The Independent features an op-ed recommending that the world offer diplomatic recognition to ISIS.
The rationales for the recommendation are:
- the bombing campaign has failed to arrest ISIS’s consolidation of territorial gains
- ISIS has a 24-page plan for forming a state (huh?)
- ISIS is providing governmental services in the territory it controls
- ISIS has a monopoly on force in the territory it controls
- diplomatic recognition and inclusion in the Intergovernmental Organizations that constitute the institutional expression of the current liberal order would moderate ISIS as it did for the USSR
First, diplomatic recognition had no causal relationship with moderation of the USSR. What moderated the international relations of the Soviet Union was the re-emergence of Germany as a continental power, the Second World War, western occupation of Germany, and the creation of NATO. It had nothing to do with diplomatic recognition. Internal repression was moderated solely by the demise of Stalin and the fact that by the outbreak of the Second World War, the totalitarian one-party state had been consolidated.

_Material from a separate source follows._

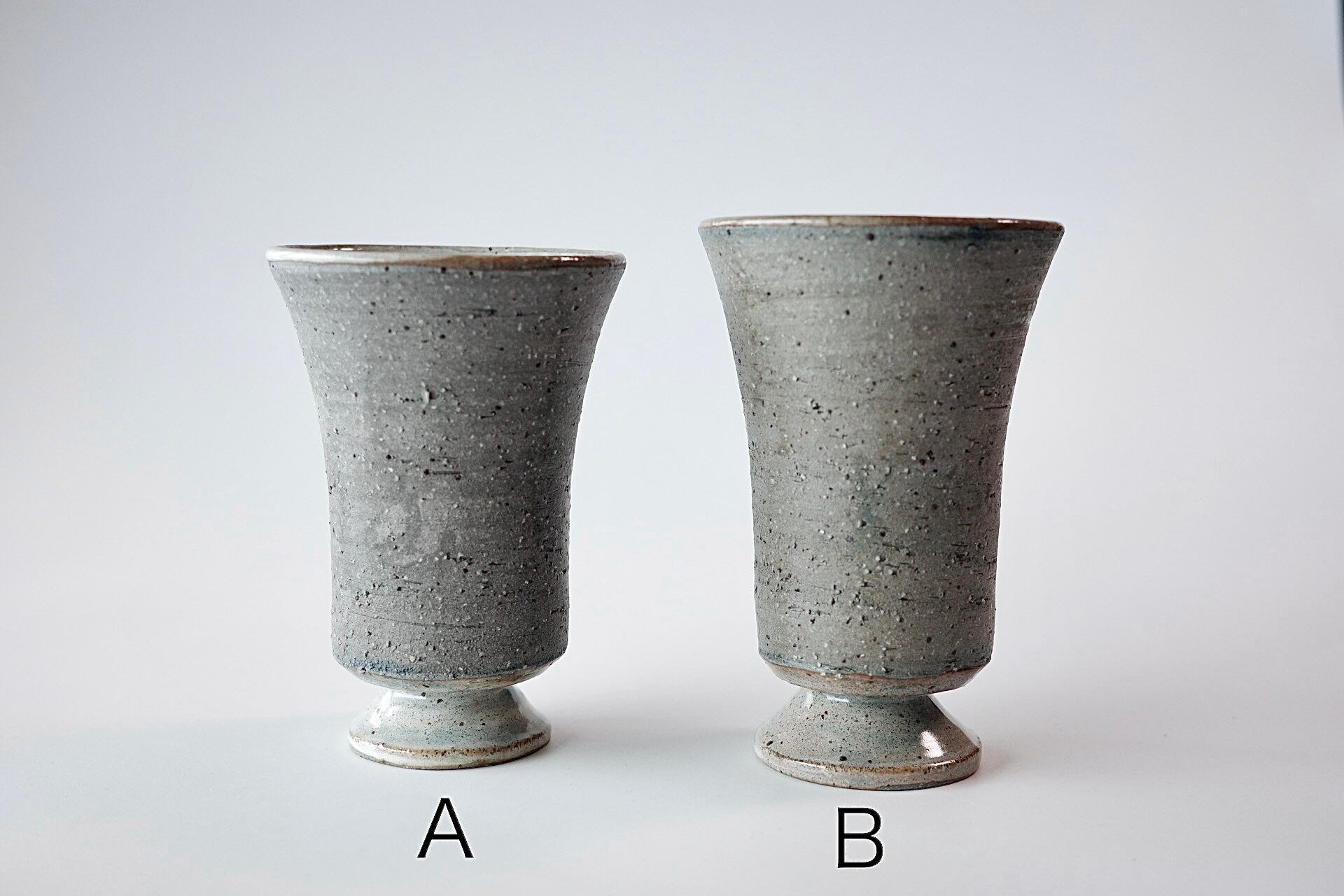 まるか陶工房さんのゴブレットL。グレー御影土を使った、外側がグレー、中がブルータイプです。AB、2種類からお選びいただけます。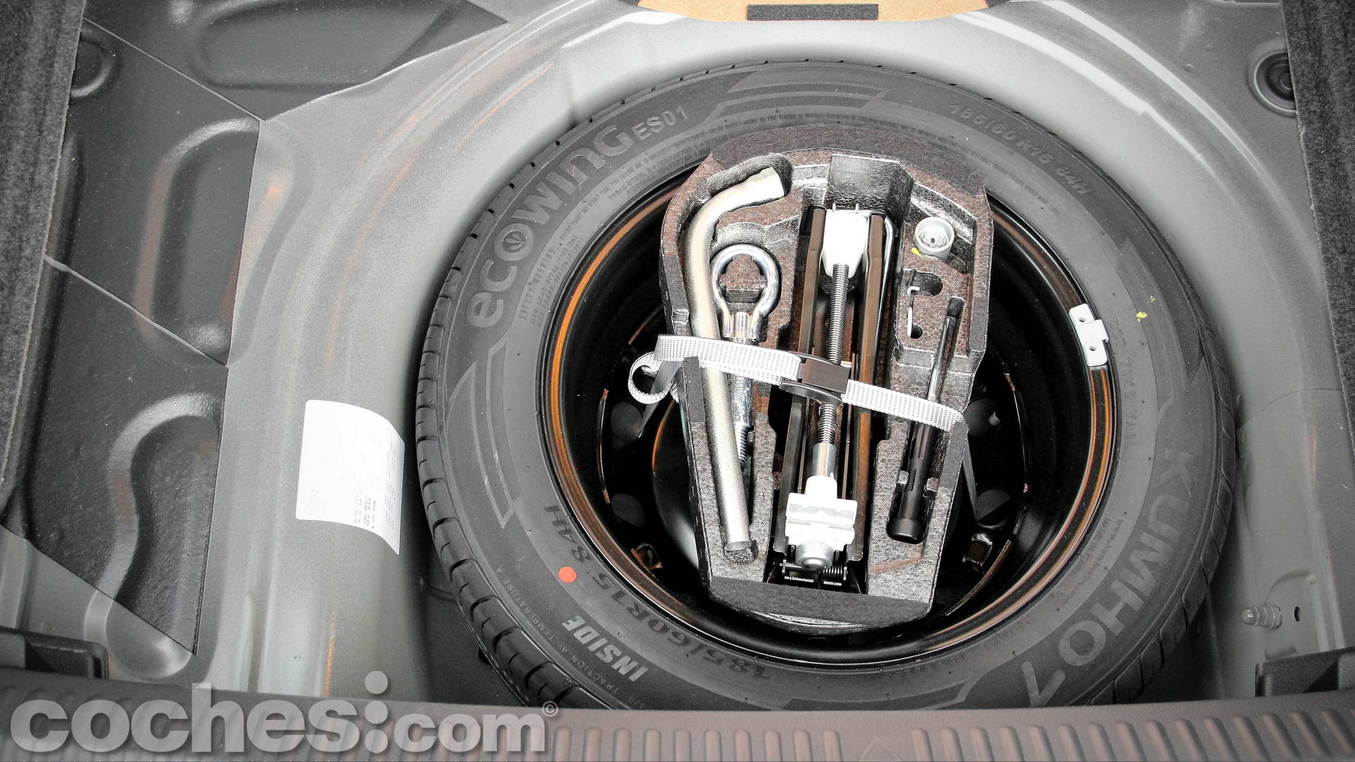Bajo el piso nos encontramos con una rueda de repuesto temporal, así como con las herramientas necesarias en caso de tener que cambiar un neumático.

Second, while it is true that ISIS is a proto-state, and the bombing campaign has failed to achieve any meaningful military objective (air power never does by itself), that is no argument for diplomatic recognition that would constrain options for confronting ISIS should it be in the interest of the West or any other actor.
If the international community wanted to defeat ISIS, a Marine Expeditionary Force could do it. The question becomes, “Now what?” There is no credible replacement to provide government for that territory currently. For all its neo-Ottoman pretentions, Turkey would not want to incorporate the region, nor would the international community support a resumption of the mandate system in the Middle East even if a suitable great power were willing to take on that responsibility. Colonialism has ceased to be a viable tool to bring order to ungoverned regions.